You Won’t Believe What Atheists Are Demanding from President Obama Now
At the National Prayer Breakfast, President Obama cautioned Americans not to be “bystanders of bigotry.” He visited a mosque to combat anti-Muslim bias and declared, “I, too, am a Jew” as a show of solidarity to the Jewish people.
Now, atheists want a nod from our commander in chief too.
The Freedom From Religion Foundation sent a letter to the president giving him props for embracing citizens of all colors and religious viewpoints as part of “one American family,” but they are also complaining that Obama didn’t go far enough. Apparently, atheists feel excluded.
“We respectfully invite you, in your final year in office, to do something no American president has ever done: reach out to secular America,” Dan Barker and Annie Laurie Gaylor, co-presidents of the Freedom From Religion Foundation, wrote in a letter. “Such attention from the office of the president would demonstrate that freethinkers, atheists, agnostics, secular humanists and rationalists are accepted citizens. As you pointed out in your first inaugural address: ‘We are a nation of Christians and Muslims, Jews and Hindus—and nonbelievers.”
The atheists pointed to a June 2014 gathering of “Nones,” those who don’t identify with any religion and are the fastest-growing segment of America, at the Lincoln Memorial for the Reason Rally—and they want Obama to show his face at what is the largest event for secular Americans.

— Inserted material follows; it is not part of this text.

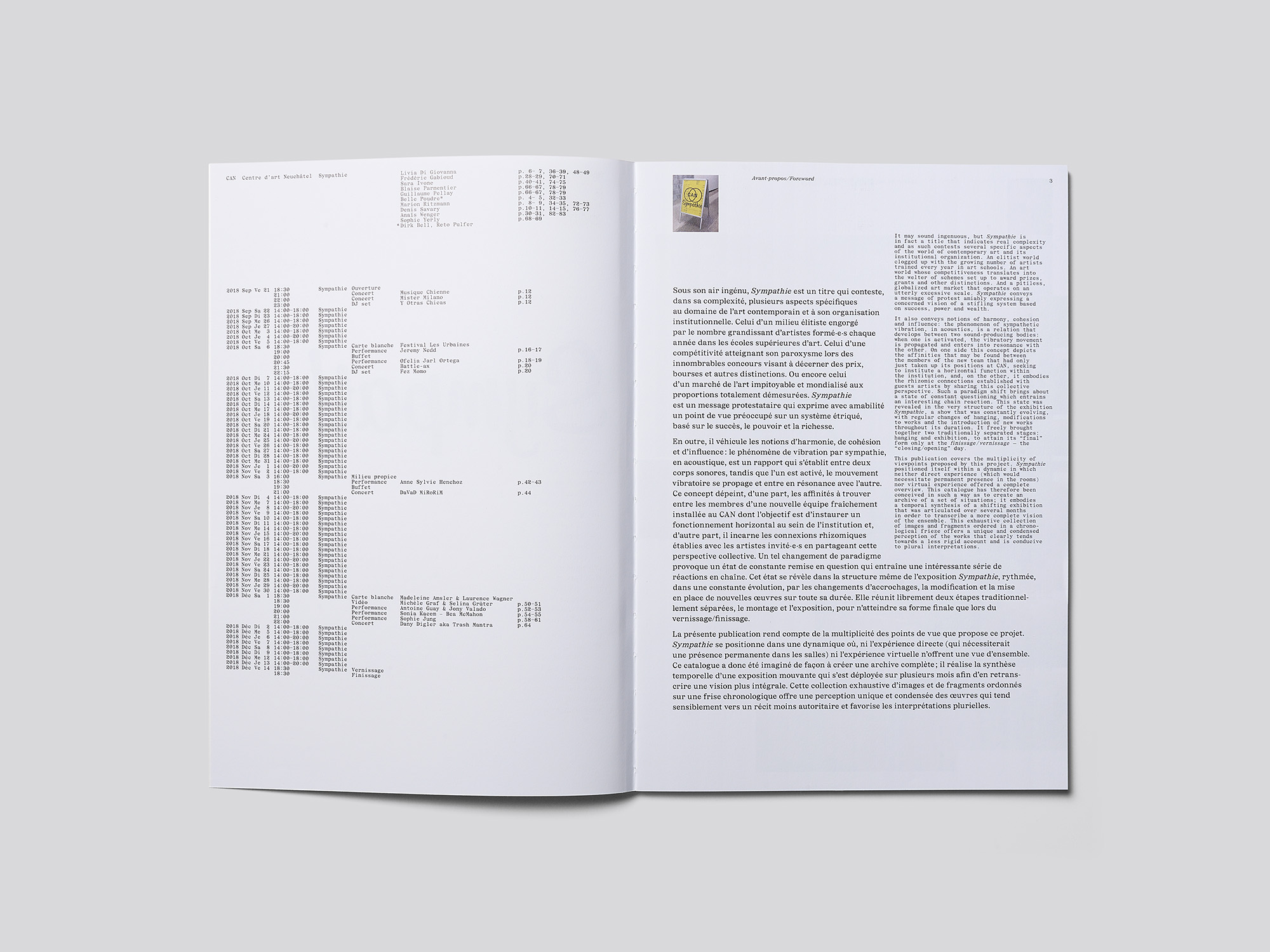 Le premier catalogue d’exposition de la nouvelle équipe dirigeante du Centre d’Art Neuchâtel (CAN) brille par sa manière insolite d’organiser le contenu. L’exposition de groupe, articulée autour de la critique institutionnelle, formait un work in progress qui fonctionnait comme une réaction en chaine de propositions très diverses jalonnée d’événements ponctuels. Vu la qualité hétérogène du matériau photographique – instantanés anecdotiques, images Instagram, etc. –, le design a choisi de faire ressortir la succession des événements et la diversité plutôt que les images individuelles : toutes sont datées, classées chronologiquement et disposées de haut en bas dans une grille verticale. Leur nombre et leur taille varient fortement selon les pages, certaines sont coupées, d’autres se recouvrent partiellement, ce qui donne une documentation linéaire mais rythmée et très animée. Un joli détail est à relever : le placement des dates des photos, composées dans une nouvelle police monospace et placées en bordure gauche des pages. Elles apparaissent au-dessus de l’image quand celle-ci est petite et dans l’image lorsque celle-ci est plus grande. Cela fait penser à un système automatisé d’enregistrement des données. La couverture et la table des matières sont réalisées dans le même esprit (et la même police monospace). Avec son titre engageant, sa couverture souple jaune-noir et ses 90 pages à peine, l’objet dégage une forme de bienveillance et une sobriété adaptée au sujet.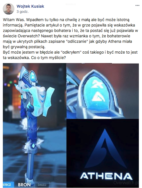 Pamiętacie naszego newsa o tym, że Blizzard umieścił w grze jakąś wskazówkę, co do nowego bohatera? I nagle dostajemy logo Atheny na broni Sombry. Athena od naprawdę długiego czasu uchodzi za potencjalną bohaterkę w Overwatch i kompletnie bym się nie zdziwił, gdyby nagle pojawiła się w grze.

“Those of us who are nonreligious daily encounter unwarranted stereotypes, putdowns and assumptions that we cannot be good people or good citizens,” the co-presidents wrote. “A December 2011 study in the Journal of Personality and Psychology found, appallingly, that atheists rank, with rapists, as least trustworthy!”
The atheists also pointed to research from the University of Minnesota that reveals atheists are at the bottom of the totem pole when it comes to social acceptance, in comparison to a variety of minorities often typified as “other,” including gays, Muslims, recent immigrants, Jews and racial minorities. The study, published in the American Sociological Review, April 2006, even reported that atheists are the people they would least like their children to marry.
The statistics and complaints go on and on—and on. Clearly, atheists want some R-E-S-P-E-C-T for the contributions they have made to U.S. society. In closing, the letter encourages Obama that by showing up at the rally and addressing nonbelieving Americans, he can send a signal to the rest of America that mistreatment of atheists is unacceptable.
I agree that mistreatment of anyone—regardless of race, creed, color or sexual orientation—is unacceptable. I don’t think President Obama showing up at an atheist rally is going to fix what ails the atheists, though. The authors of this letter and those they represent are looking for their identity in a government nod rather than surrendering to a living God they reject and embracing their true identity in Christ.
I pray that the Lord of the harvest would send laborers in their path to share the Good News of the gospel. I pray that God would remove the blinders from the eyes of all unbelievers so they can see the glorious truth that sets them free. And I pray that the so-called Nones would experience the amazing grace and the radical love that awaits them. Amen.